### Work to complete
From the line with "好きな色(カラーコード)は、以下のサイトで簡単に選ぶことができます。" to the line with "Sasmotívumos széles bőr", output every line below exactly, both ends included. Skip the pictures.
-------- Provided entries --------
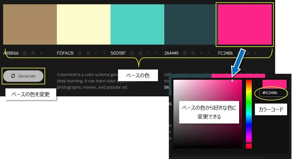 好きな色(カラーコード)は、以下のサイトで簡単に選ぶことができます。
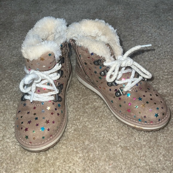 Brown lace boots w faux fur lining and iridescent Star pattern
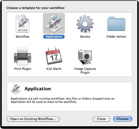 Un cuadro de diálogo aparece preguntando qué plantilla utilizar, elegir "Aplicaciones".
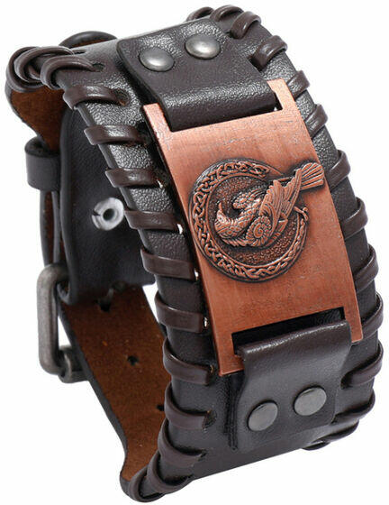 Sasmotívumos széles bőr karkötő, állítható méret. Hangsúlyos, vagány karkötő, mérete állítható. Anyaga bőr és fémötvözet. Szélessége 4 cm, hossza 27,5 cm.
--------
-------- Provided entries --------
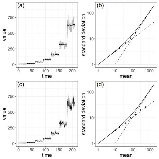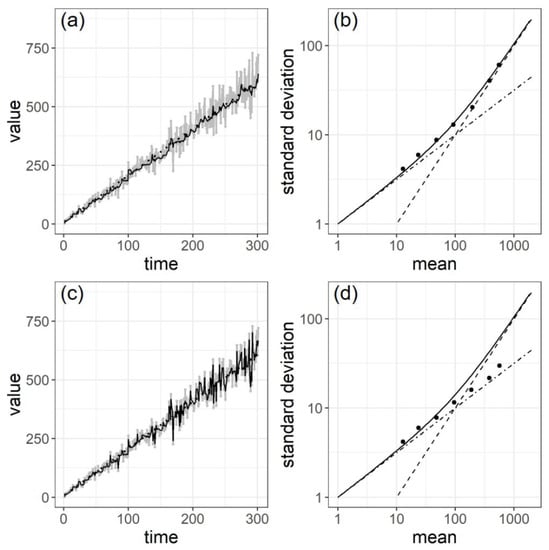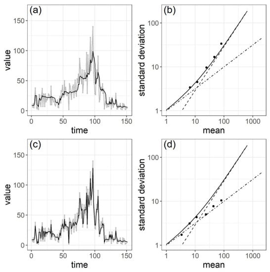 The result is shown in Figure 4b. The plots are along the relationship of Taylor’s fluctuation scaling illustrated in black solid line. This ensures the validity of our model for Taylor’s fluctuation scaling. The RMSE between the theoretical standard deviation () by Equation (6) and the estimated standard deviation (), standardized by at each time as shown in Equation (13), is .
--------
### Exercise output
 好きな色(カラーコード)は、以下のサイトで簡単に選ぶことができます。
 Brown lace boots w faux fur lining and iridescent Star pattern
 Un cuadro de diálogo aparece preguntando qué plantilla utilizar, elegir "Aplicaciones".
 Sasmotívumos széles bőr karkötő, állítható méret. Hangsúlyos, vagány karkötő, mérete állítható. Anyaga bőr és fémötvözet. Szélessége 4 cm, hossza 27,5 cm.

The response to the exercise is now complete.